Porn is everywhere. And it's time we did something about it

24th May 2013 at 11:58
Sue Berelowitz, deputy children's commissioner for England, discusses the findings of the report Basically.porn is everywhere

Views and opinions about the impact on children of viewing pornography are polarised. There are those who say pornography is immensely damaging and measures must be taken to prevent children from accessing it, while, at the other extreme, some say that it never harmed them and the worries are nonsense. This camp often refers to having viewed magazines such as Mayfair and Playboy in their youth and that this is simply part of growing up.

The Office of the Children's Commissioner is midway through a two-year inquiry into the sexual exploitation of children in the context of gangs and groups. The first year focused on prevalence and, following extensive data and information collection including first-hand accounts from victims and the professionals working with them, established that in the 14 months commencing August 2010, 2,409 children were known victims of this form of abuse. In total, based on known warning signs, 16,500 children were identified as being at high risk of sexual exploitation. Both of these figures, shocking as they are, are an undercounting, as we did not receive data from all of the authorities and agencies involved in supporting victims.

The first year findings begged a number of serious questions, including that of consent. It was apparent from the accounts we heard that boys often considered they had absolute licence to have sex any time, with anybody, in any place, and in whatever way they so wished. This included requiring girls to submit to multiple perpetrator rape and other sexual assaults.

The second issue was the use of pornography.

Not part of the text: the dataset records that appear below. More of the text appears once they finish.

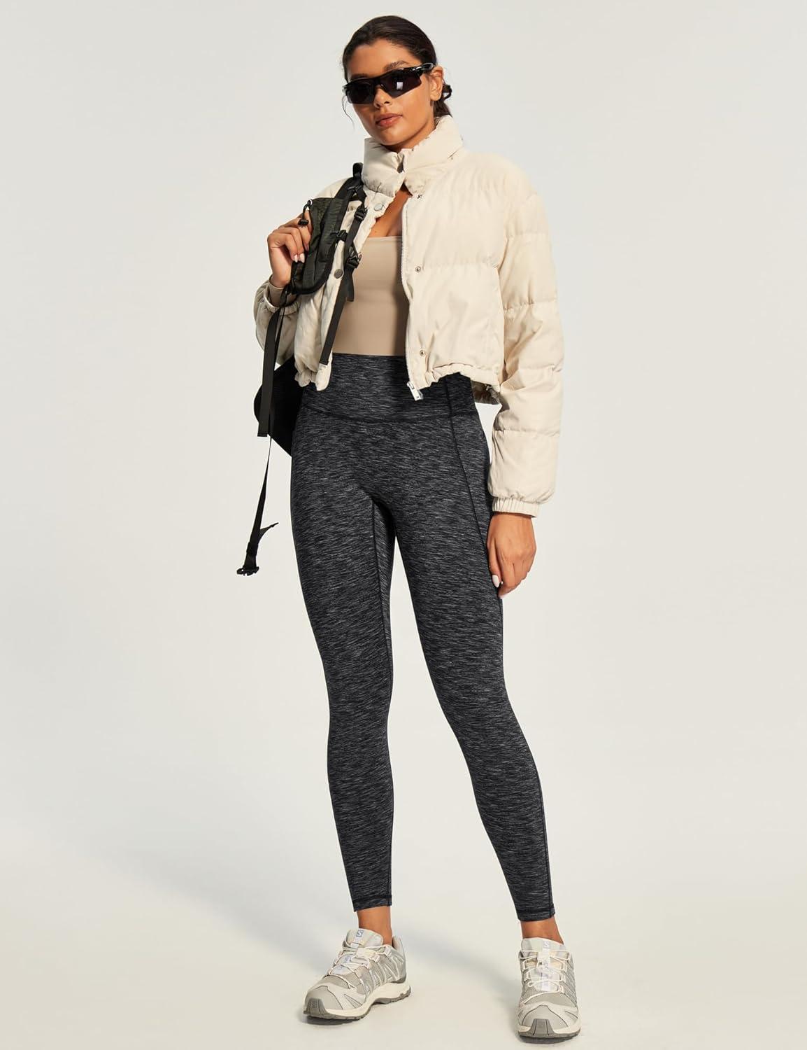Ewedoos Fleece Lined Leggings Women Tummy Control with Pockets No Front Seam Warm Thermal Leggings Winter Running Yoga Pants(Charcoal)
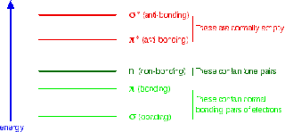 Diagram berikut memberikan gambaran umum bagaimana energi dari berbagai jenis orbital saling berhubungan satu sama lain dalam beberapa senyawa. Kita akan melihatnya untuk menerangkan penyerapan cahaya. Diagram ini hanya menunjukan skala relatif.
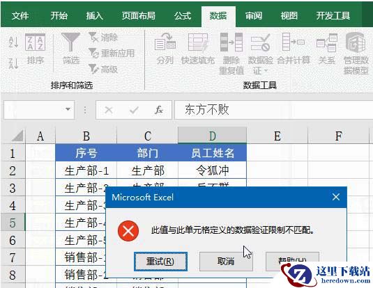 如果把COUNTIF函数的这种用法与数据验证功能相结合,就可以实现拒绝录入重复数据。如果要输入大量的员工姓名,这种方法特别实用。

It was mentioned many times, including by some 14-year-old boys who had anally raped an 11-year-old over several days. Their witness statements record them saying that "it was like being in a porn movie".

To help inform the inquiry, we commissioned research into children and young people's understanding of consent. The results will be published in the autumn. We also considered it essential to throw some light on the issue of the impact of viewing pornography on children. Research in this area is fraught with ethical difficulties. It is clearly not possible to show children pornographic materials, including extreme and violent images, and see what impact this has. However, given the burgeoning use of internet enabled technology, including smartphones and tablets and the ease of access these afford to extreme violent and sadistic pornographic imagery, it is essential that we seek to understand better whether viewing these images affects children, as there is no doubt that many of them are doing so.

We commissioned a review of research evidence to establish what is already known about the impact of pornography on children and identify the key questions that still need to be asked. The review was undertaken by a consortium of four universities led by Dr Miranda Horvath at Middlesex University. The team scrutinised more than 40,000 UK and international papers from the past 30 years, with a detailed analysis of over 430. This yielded invaluable evidence of what is reliably known and of what can be less confidently stated. In addition, the researchers identified clear actions that should be taken and these have formed recommendations to the government and other agencies.

There is no doubt that from a young age children are accessing pornography. There are, with some exceptions, notable gender differences in that boys tend to access pornography by choice, whereas girls are exposed to it reluctantly. Accessibility has changed dramatically with the use of the internet and social networking sites. Pornographic material, including of an extreme and violent nature in still and moving images, is but a few clicks away. Children do not need to be at home sitting at a computer to watch pornography; the advent of smartphones and tablets means they can and do view pornography anywhere and at any time.

There is no evidence to show causality; that if a child looks at violent pornographic images then he will commit violent sexual acts. But there is strong evidence that there is a correlation between viewing extreme and violent material and those who carry out such acts. The research also showed that pornography affects children's views of sex and sexuality, body attitudes and their thresholds regarding risk.

A group of inner-city 16- and 17-year-olds told the researchers that "porn is everywhere". They were not happy about this and want adults to step in and take measures to protect them. The research evidence shows compellingly that there is cause to be concerned. Further work needs to be done to understand causation, but the immediate pressing issue is to find a way to limit children's access to pornography and act to build their resilience.